Before we left on this trip, I realized that the one modification I had to make on this phone was to change the number of rings until voice mail kicked in. I miss approximately 100% of calls because by the time I realize the phone is ringing and retrieve it from the kitchen counter, it has already gone to voice mail. I’ve never quite gotten the hang of voice mail which has a habit of making itself deliberately (and frankly, maliciously) inaccessible. So given the upcoming trip, it seemed imperative to avoid anything going to the voicemail graveyard where it would never be heard from again.

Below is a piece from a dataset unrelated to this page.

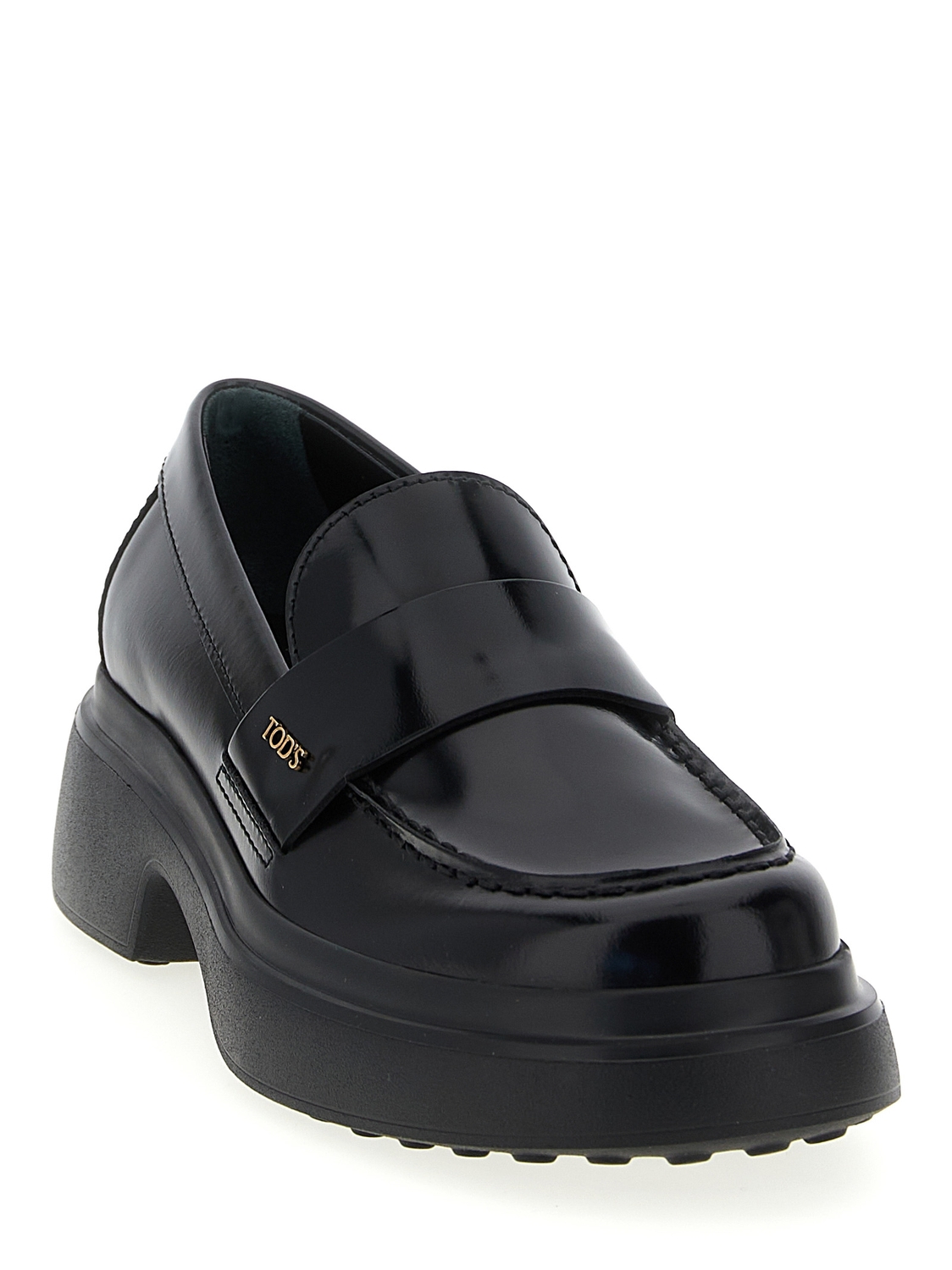 Лоферы из полированного телячьего кожи с боковым металлическим логотипом, массивной резиновой подошвой с рельефными вставками.
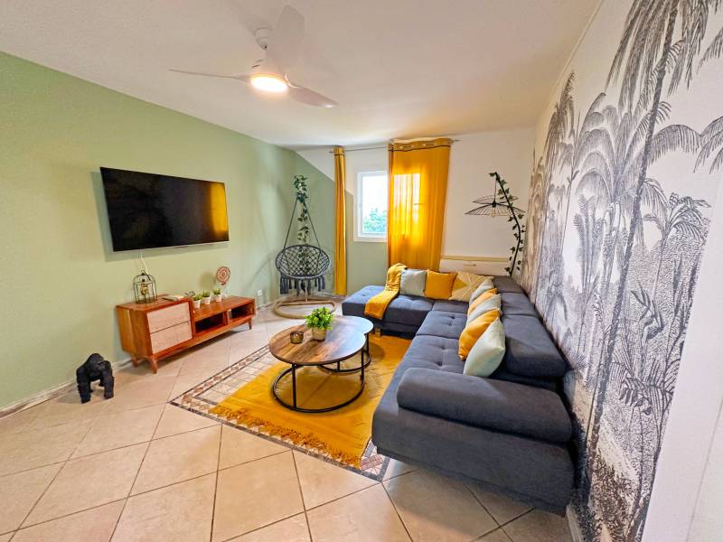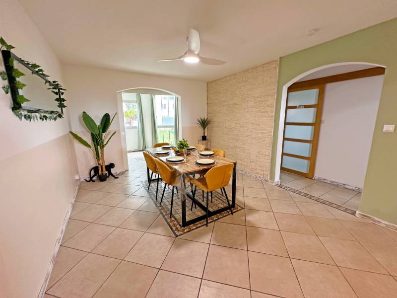 LaKaz Société Immobilière vous propose à la vente un appartement T3/4 de 82 m2 habitables, situé au rez-de-chaussé dans une résidence calme et sécurisée à Sainte-Clotilde.

Now, even on my previous Dumb Phone, changing the number of rings before voice mail kicked in was so easy a child could do it. More to the point, I could do it. I looked up the on-line instructions for how to do this on an iPhone 4S and I swear, I really am not kidding here, you need a degree in engineering to do this. The guy at the AT&T store on Pearl couldn’t figure it out despite being presented with the printed instructions I’d brought him from Apple’s own web site. Even the lady at Customer Service for Idiots struggled.
Of course, one of the reasons you can’t extend the number of rings until voice mail answers is that, unknown even to Apple Tech support, you can’t actually do that on an iPhone. You can, however, change the number of seconds from the default 20 to anything you want, although the Customer Service for Idiots lady advised not making it more than one minute or people would give up without leaving a message. Okay! Works for me!
Ultimately, we compromised on 40 seconds. But seriously, here’s just the first three steps:
1. Open the phone app and dial *#61# on the Keypad. Press the Call button.
2. Locate this text on the screen: "Setting Interrogation Succeeded, Voice Call Forwarding, When Unanswered, Forwards to +" and record the 11-digit number after the + symbol.
3. Touch the Dismiss button. Now enter this code on the Keypad: *61*+ followed by the 11-digit Forwards to number recorded in step 2, followed by *11 and *ringtime#.
Clearly, Apple pulled a former writer of Japanese calculator manuals out of retirement to create this text. A minor detail is that to get the plus sign you have to hold down the zero until the plus sign comes up, a detail mentioned nowhere in the instructions. More of that Apple intuitiveness, I guess.
Against all odds, we actually managed to get to our various destinations and to rendezvous with friends and family. And thankfully, I never had to access voice mail. That’s next year’s project. I can only deal with so much technology at a time.